Here's the biography of Van Jones: he was a bookish black kid from Tennessee who went to Yale Law and moved to San Francisco and became a radical. Then he decided to use his law degree and smarts to clean up and make things better from inside the establishment.

He was, he openly acknowledges, a "full-on Marxist" in early '90s California. He joined a revolutionary Marxist group and protested police brutality. Then he founded the Ella Baker Center for Human Rights, which combats over-incarceration, police brutality, and urban poverty and violence.
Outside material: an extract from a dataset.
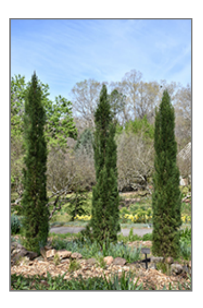
Blue Italian Cypress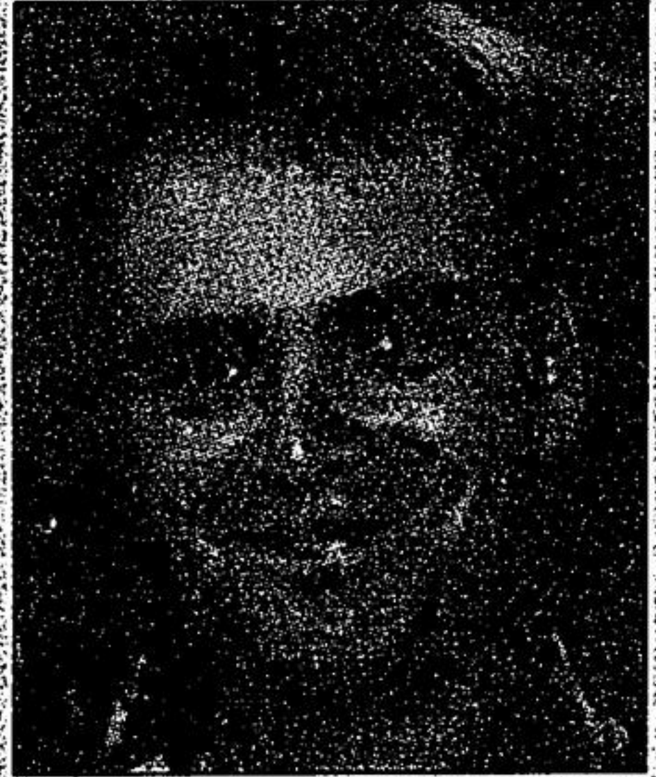
CURTIS JOSEPH: Grew up in Sharon watching Toronto Maple Leafs play on television.

Running a civil rights group dedicated to producing real and immediate improvements in urban life will make a revolutionary Marxist a bit more pragmatic. Jones began focusing on job creation, and, with a bit of prognostic intuition that ought to put Thomas Friedman to shame, he decided, in the late-'90s, to focus on "Green Jobs." This is, you know, capitalism—he wants to create wealth, and use market forces to make the world and black communities better places!

And in 2008 he wrote a book called The Green Collar Economy, and it made the Times best-seller list, making him as much of a figure of the mainstream as Sean Hannity or Malcolm Gladwell.

So here we have a radical youth turned respectable liberal. Respectable enough to be on Time magazine listicles and win World Economic Forum prizes and everything. Respectable enough for Tom Friedman to profile him. And The New Yorker. Respectable enough for Meg Whitman, as in former eBay CEO and wealthy Republican California gubernatorial candidate and John McCain advisor Meg Whitman, to proclaim herself "a huge fan of Van Jones."

And for both his activism and his charm he was rewarded with a White House job with the Council on Environmental Quality. He was tasked with making sure stimulus money for green jobs actually went to green jobs. And he's a great person to have in this administration—he is a genuine environmentalist and the only special interest he's beholden to is poor people. He is the sort of person we were all praying Obama would bring with him to DC, instead of Larry Summers.

And that is one of the reasons he is now being ritually and savagely demonized.

To understand why and how he's being demonized, we have to look at the way information and misinformation makes it way from crazy blogs to crazy pundits to crazy citizens to, suddenly, the non-crazy regular media.

The "why" is simple: he is a genuine left-wing liberal with a White House job. He is black. He used to be radical, and probably still has radical sympathies (you know, caring about poor black people and all that). He is, in other words, fucking terrifying, if you frame his story right.

World Net Daily is an old and hugely popular far-right conspiracy "news" website. We've discussed their promotion and popularization of the birther conspiracy but both their influence and insanity cannot be understated. They have a huge email list. The people on that list click on ads and spend money. WND is almost as profitable as Gawker Media. The RNC needs access to that list. So they humor them. And they sponsor them.

And these are the people who insist that there will be FEMA concentration camps and a NAFTA superhighway and a single North American currency and, yes, it is birther central.

WND discovered Jones in April. They took publicly available information about Jones' civil rights past, his arrest at a Rodney King protest (he was not charged with anything because it was one of those illegal but common mass arrests) and his own statements about his youthful radicalism and made a scary, scary story called "Will a 'red' help blacks go green?" Wow, right? And, yes, these were not secrets—remember the Friedman and New Yorker profiles?

Dave Weigel explains how this all snowballed in The Washington Independent: On July 23, Glenn Beck talked about this "self-avowed communist" he discovered in the Obama administration. He brought him up again and again and again over the next month, until his amazing late-August week-long series almost entirely about how Van Jones and Van Jones alone is proof that Obama has a goon squad of violent leftists looking to remake the country as some sort of collectivist Soviet Republic.

Here is the message machine in its platonic form: Glenn Beck introduces his audience to a group Jones once belonged to called "The Apollo Alliance" on August 24th. 72 hours later a constituent is asking his (Republican) representative if this Apollo Alliance wrote the health care bill. The Rep has no idea what the guy is talking about, but the rest of the audience certainly does ("Van Jones!" they shout).

And now, here we are. His name on an old 9/11 truther petition is dredged up. An amusing clip in which he calls Republicans assholes (but explains that he, too, is an asshole) is on CBS News. Jake Tapper and Politico are on the case.

That is how a smear becomes a meme. Schoolhouse Rock, 2009 style.